The OEP of a normally compiled Windows executable starts with the standard compiler prologue:

; MSVC-compiled EXE entry point (typical)
PUSH    EBP
MOV     EBP, ESP
SUB     ESP, some_value

; Or for a DLL:
PUSH    EBP
MOV     EBP, ESP
PUSH    ECX

If after the tail jump you see a function prologue pattern, you are at the correct OEP. If you see garbage bytes or a second jump, the packer has additional stages — repeat the process.

When PUSHAD/POPAD Is Not Used

Some packers do not use PUSHAD. Alternative breakpoint strategies:

StrategyWhen to Use
VirtualAlloc breakpointWhen the packer allocates memory for the unpacked code — break when allocation returns and set memory execute breakpoint on that region
VirtualProtect breakpointWhen the packer marks the unpacked region as executable — fires just before OEP transfer
Memory execute breakpoint on .text sectionSet on the first byte of the (currently empty) .text region — fires when the stub writes and then executes code there
Entropy-guided steppingRun until entropy in memory drops — indicates decompression complete

Dumping Memory with Scylla

Once paused at the OEP, the unpacked code exists in memory but the on-disk file is still packed.
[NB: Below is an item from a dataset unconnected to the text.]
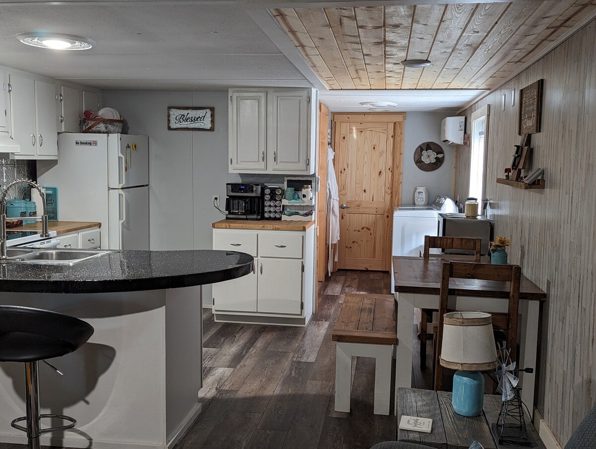 Misty Hollow Cottage at Grey Valley is a luxury one bedroom tiny home nestled in the Smoky Mountains, just minutes from downtown Robbinsville, NC. The Misty comfortably sleeps 2-4, is equipped w/washer/dryer, full kitchen, & private deck w/ BBQ grill. Perfect for small families, couples retreat or thrill seekers riding the Tail! Wheelchair accessible. Pet friendly, w/owner permission. Situated on 10 acres along gorgeous Mountain Creek, and sister to Jai Hollow Cottage, and Wounded Warrior Cabin.

Scylla is the standard tool for creating an analysable PE:

Scylla workflow in x32dbg

1. While paused at OEP in x32dbg
2. Open Scylla: Plugins → Scylla
3. Verify OEP address is correct in the OEP field
4. Click [IAT Autosearch] → Scylla locates the import table
5. Click [Get Imports] → Scylla resolves all imported function names
6. Review the imports list — remove any invalid entries (right-click → delete)
7. Click [Dump] → saves process memory to disk as unpacked_sample.exe
8. Click [Fix Dump] → patches the IAT into the dumped file
9. Result: standalone unpacked PE ready for static analysis

Verifying the dump

# Open dumped file in Detect-It-Easy
die unpacked_sample.exe
# Should now show compiler (e.g., "MSVC (19.xx)") instead of packer name

# Check entropy
pestudio unpacked_sample.exe
# .text section entropy should be 5.0–6.5, not 7+

# Check imports
# IAT should now contain full import list, not just LoadLibraryA

Common Unpacking Failures and Fixes

ProblemCauseFix
Scylla IAT Autosearch finds nothingWrong OEP — still in stubStep further into the code; look for the function prologue pattern
Many invalid imports in ScyllaPartial unpack — some modules not yet loadedRun further after OEP until all imports resolve, then dump
Dumped file crashes immediatelyStolen bytes — first instructions at OEP are missingManually restore the stolen instructions (covered in Topic 6)
DIE still shows packer after dumpMulti-stage packer — a second packer wraps the firstRepeat the ESP breakpoint technique on the newly dumped file

Anti-Dump Defences

Advanced packers add defences specifically against memory dumping:

  • PE header erasure — zeros the first 0x1000 bytes after unpacking, destroying the DOS and PE headers
  • Guard pages — marks unpacked memory pages as guard pages; any read by a dumper triggers an exception
  • IAT destruction — corrupts the import table after resolution to prevent reconstruction

These advanced techniques are covered in Unit 6 (Self-Defending Malware).